We present a case of a rare tumor in the oropharynx of a neonate with respiratory distress and feeding difficulties. In the present case, the location of the teratoma at the base of the right tongue did not immediately cause severe respiratory tract obstruction at birth. However, a teratoma, concomitant cleft palate, palatal deformity, or subluxation of the TMJ may result in feeding difficulties in infants. In other words, the presence of TMJ subluxation set this case apart from the typical presentation because of the mass effect caused by the tumor’s particular location and size. The procedure was performed in two stages because of the surgical complexity associated with this condition. However, with consistent rehabilitation efforts, the functionality was restored to make liquid and solid diets feasible.
Nevertheless, it is imperative to emphasize the importance of ongoing reevaluation and continuous follow-up. Our clinical experience demonstrates a potential association between feeding difficulties and underlying anatomical anomalies in the oral cavity and upper respiratory tract. This case emphasizes the importance of identifying and understanding such anatomical anomalies, as they can significantly contribute to feeding difficulties and affect the overall well-being of infants. Timely recognition and appropriate management are essential for optimizing feeding abilities and promoting the healthy development of affected neonates. This report aimed to raise awareness among healthcare professionals regarding the significance of investigating anatomical factors in neonatal feeding difficulties, ultimately enhancing the quality of care provided to vulnerable patients.

ARTICLE INFORMATION

Ethical statement

This study was approved by the Institutional Review Board (AJOUIRB-EX-2023-411) of Ajou University Hospital.

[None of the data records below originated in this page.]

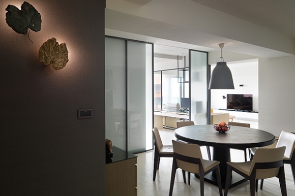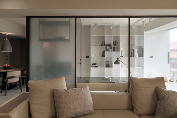 拆除的實牆改以清玻璃做為隔間,劃分出客廳後方的書房空間,強化與客廳之間的空間關係,也讓書房內獲得較充足而美好的採光,同時書房選用的風琴簾,經過濾後進入書房的光線讓書房一隅更有優雅的氣氛。擁有一大面書牆與懸吊展示鐵架,不僅僅滿足書籍、物品的收納需求,也是屋主生活品味的最佳呈現;書房與餐廳之間用通透的拉門做出區隔,維持家人間的對話方便性,關上後也保有使用空間的隱私,不干擾餐廳。
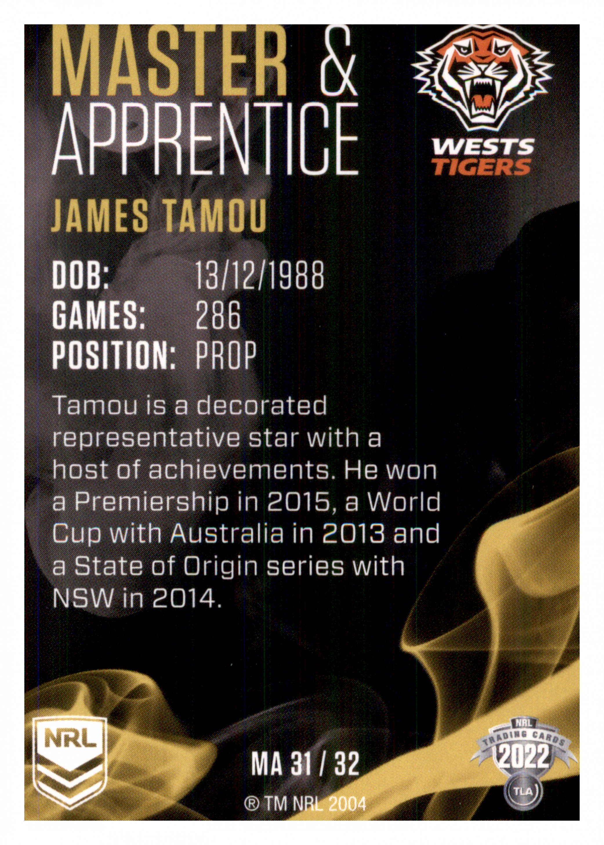 2022 TLA NRL TRADERS MASTER & APPRENTICE CARD MA31 JAMES TAMOU - WESTS TIGERS
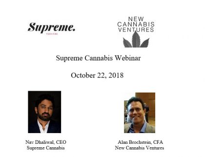 New Cannabis Ventures hosted Supreme Cannabis (TSXV: FIRE) (OTC: SPRWF) CEO Nav Dhaliwal for a webinar conducted on October 22nd. Dhaliwal, who was promoted from President to CEO last month,...
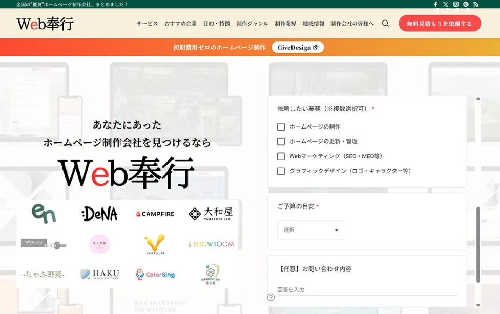 ホームページ制作だけでなく、Webマーケティングやグラフィックデザインまで対応でき、初期費用をかけたくない方向けのサブスク型サービスも提供するポータルサイトです。
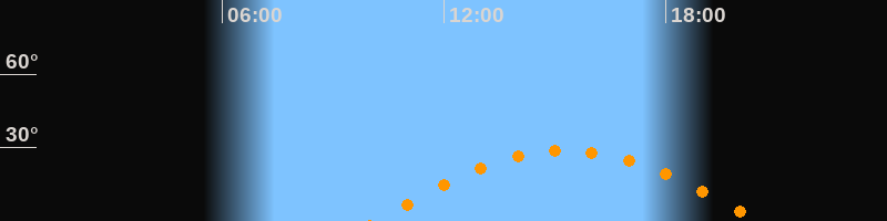 | Höchster Stand (Kulmination) | 15:19 Uhr (h = 28,7°) |

The requirement for written informed consent was waived because of the retrospective nature of the study.

Conflicts of interest

No potential conflict of interest relevant to this article was reported.

Author contributions

Conception or design: J.W.M., M.S.P.

Acquisition, analysis, or interpretation of data: J.W.M., M.S.P.

Drafting the work or revising: J.W.M., M.S.P.

Final approval of the manuscript: All authors read and approved the final manuscript.

Funding

None

Acknowledgments

None

Figure 1.
(A) A heterogeneous mass measuring 3.6×1.8×2 cm in size is located at the right oropharynx on computed tomography (arrow) and (B) composed of a tooth-like structure on magnetic resonance imaging (arrowheads).
nm-2023-30-4-108f1.jpg
Figure 2.
(A, B) The right (Rt) condylar process was deviated, and the mandibular fossa demonstrated hypoplasia (arrows). (C) Facial computed tomography showed a subluxation of the temporomandibular joint (arrowheads). Abbreviation: Lt, left.
nm-2023-30-4-108f2.jpg
Figure 3.
(A) A mass was seen in the right oropharyngeal region (arrow). (B) The oropharyngeal mass was then fully exposed, and part of the mass was removed (arrowheads). (C) Abnormalities of the tongue, such as a fissured tongue and accessory tongue, were observed, along with cleft palate (large arrow).
nm-2023-30-4-108f3.jpg
Figure 4.
The oropharyngeal mass was whitish and round, measuring approximately 3.5×2.5×1.4 cm.
nm-2023-30-4-108f4.jpg
Figure 5.
The biopsy results indicated the presence of a keratinizing squamous epithelial-lining lesion in the right oropharynx. It was eventually diagnosed as a mature teratoma (H&E stain, ×20).